KNN algorithm is a solution but it doesn't scale well. Cost of KNN is $O(n.log(n))$ per request if you made $n$ ones it become $O(n^2.log(n))$ and don't scale at all. It is applicable if your cluster are not too big and you don't have too many request to apply. You could imagine something faster but usually less accurate as ANN (approximate neirest neibors) or even faster but also more prone to errors $K$-Means/Modes/Prototypes model approach.

Principle is as follow, if you have your clusters, you can use a representant of each clusters called the prototype it can be found in various way.

On real space you could use the mean or the median as prototype.
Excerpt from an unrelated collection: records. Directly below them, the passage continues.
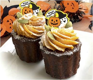 ハロウィン限定のカヌレが初登場!かぼちゃを練りこませたカヌレの上に贅沢にかぼちゃクリームを絞りました。どこから食べてもかぼちゃを味わえる一品です。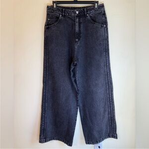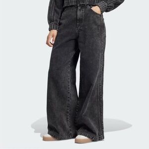 Stylish wide leg jeans by adidas. Charcoal color for a modern look. Comfortable and versatile.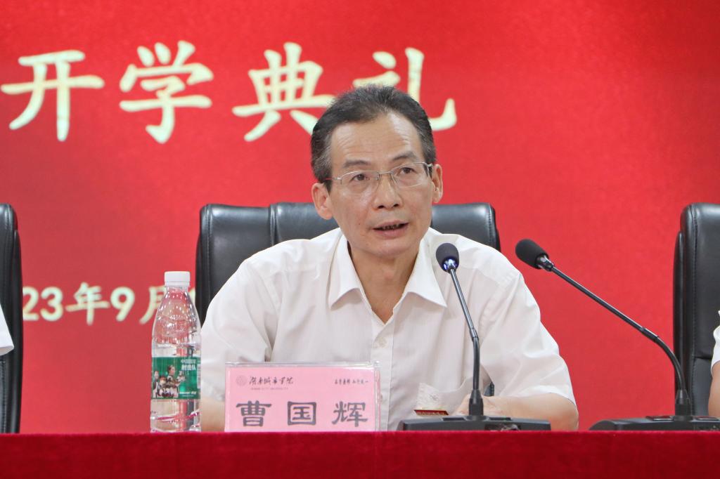 院长曹国辉在致辞中给全体新生提出三点希望和要求:一是要志存高远,报效祖国。要把个人“小我”融入国家发展、民族复兴、人民幸福的“大我”之中,在实现人生价值、升华精神境界中擦亮青春的底色,矢志不渝将自我人生奋斗目标朝着党所指引的方向,与时代同频共振、与人民血肉相连。二是要品学兼修,厚德载物。要求大家同时修养自身品德和学识学问,二者不可偏废,努力成为德智体美劳全面发展的社会主义事业的建设者和接班人。三是要知行统一,自强不息。要学以致用,根据自身的知识储备,尽快构建属于自己的大学生涯发展规划和知识体系,勇于探索、勤于实践,在专业实习实训、社会实践、学科竞赛等实践活动中激发潜能,练就过硬本领,做堪当民族复兴大任的时代新人!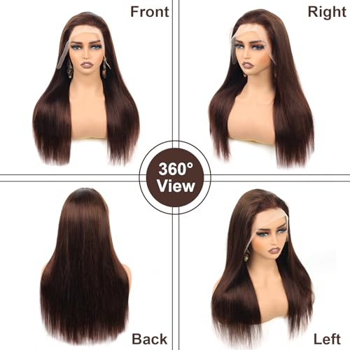 - ¡¼Chocolate Brown Human Hair Wig Straight Advantages¡½: Ear to Ear Lace Size Can Do Free Part,Middle Part, Side Part Easily,Ponytail and Braid Available.Glueless Brown Straight Wig Human Hair Pre Plucked with Baby Hair,Bleached Knots with Natural Hairline.No Tangle & No Shedding.100% Virgin Human Hair,Can Be Dyed, Bleached, Curled, and Restyled as Your Own Hair.Easy to Care, Suitable for Most Beautiful Women.
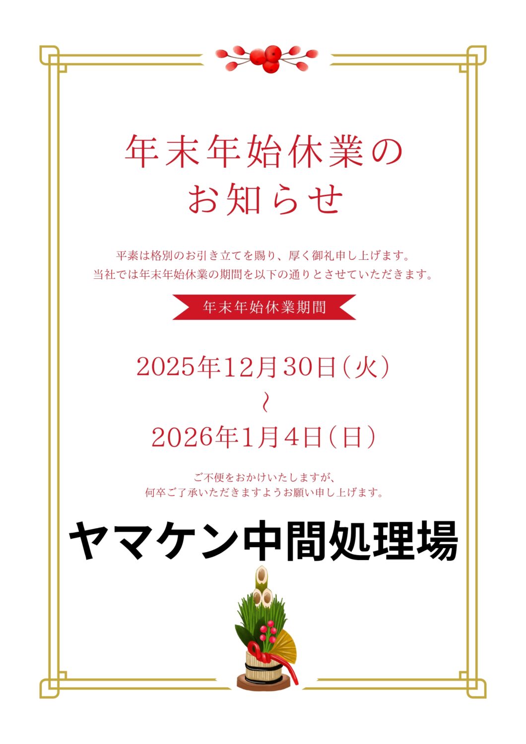 年末年始休業日のお知らせ!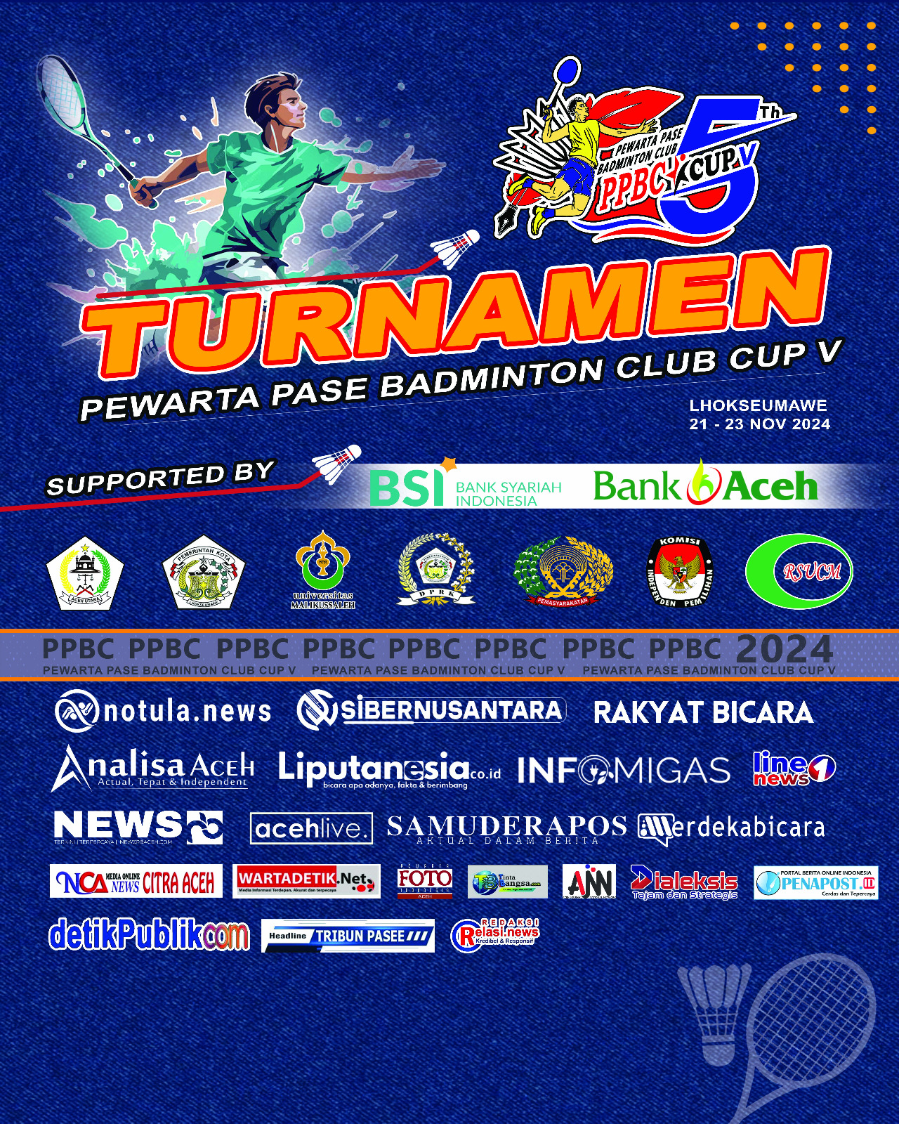 Plt Ketua Umum Persatuan Pewarta Badminton Club (PPBC), Hidayat menyebutkan, event tersebut dilaksanakan pada 21 hingga 23 November 2024, yang diikuti oleh 18 tim tunggal dari 18 SMP se-Kota Lhokseumawe.

For binary space use the majority vote. For mixed space combine for example mean/media and majority vote.

You can also take randomly a point of your cluster which is the medoid approach this one has the advantage to work on any metric space. Once you have one prototype per cluster, you just have to associate your unknow point to the cluster of its neirest prototype.

Complexity with these approaches fall to $O(c)$ per request where $c$ is the number of cluster, if you don't have millions of clusters this technique will be easy to implement (depending on your metric space) and work fast.